Schizophrenic Travelodge guest, 27, who battered receptionist to death had been released from jail two months before

Schizophrenic Travelodge guest, 27, who battered receptionist to death had been released from jail two months before

06/01/2021

A TRAVELODGE guest who battered a receptionist to death had been released from jail two months before, a court heard today.

Schizophrenic Stephen Cole, 27, battered innocent Marta Vento to death in a "senseless" attack that lasted 42 minutes.



A court heard that Cole, 32, had grabbed the 27-year-old receptionist before chasing her into an alcove and  repeatedly punching and kicking her to death during the “senseless” assault.

Hotel guest Cole, who has severe schizophrenia, had run out of his medication and suffered from delusions including believing '”smoke detectors were surveying him”.

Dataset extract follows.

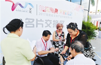 图1:6月28日,在2017海南省文体产业专题招商会上,与会嘉宾通过互扫微信、名片交换,做进一步交流。
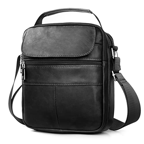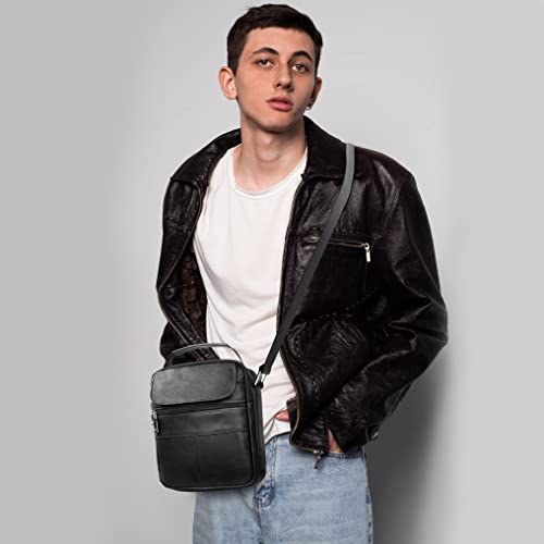 BAGZY Borsello Uomo Tracolla Pelle Borsello Uomo Pelle Grande Borse a Spalla Borsello Tracolla Uomo Borsa di Affari Messaggero Borsello Uomo Tracolla Crossbody Borsa da Viaggio (Nero)

Doctors assessing Cole suggested his attack at Travelodge in Bournemouth, Dorset, in December last year “was a sudden and impulsive decision and caused by the way she smiled and looked at him”.

Winchester Crown Court heard that Cole had been released from jail two months before the attack, had previous offences of violence, and was staying at the hotel having been kicked out of another.

Miss Vento's father accused the hotel chain's management of safeguarding “failures” and demanded answers from authorities as to how Cole was allowed to carry out the attack.

Miss Vento, originally from Valencia in Spain, was pronounced dead having been found covered in blood by horrified guests at 7.30am.

Distressing CCTV played to Winchester Crown Court, Hants, showed the “prolonged” attack. 

Cole, who could be seen with a shaved back of his head, was holding a pair of hair clippers during the assault.



Prosecutor Tom Wright said: "She was taken entirely by surprise… There was a lot of blood in the aftermath of the incident."

Citing the evidence of a doctor who assessed Cole, Mr Wright added: "He was suffering with schizophrenia which led to abnormal functioning.

"He was suffering persecutory delusions, auditory hallucinations and disorganised thinking and behaviour and that abnormality would have impaired his judgement and self control.

"He implied it was a sudden and impulsive decision and caused by the way she smiled and looked at her.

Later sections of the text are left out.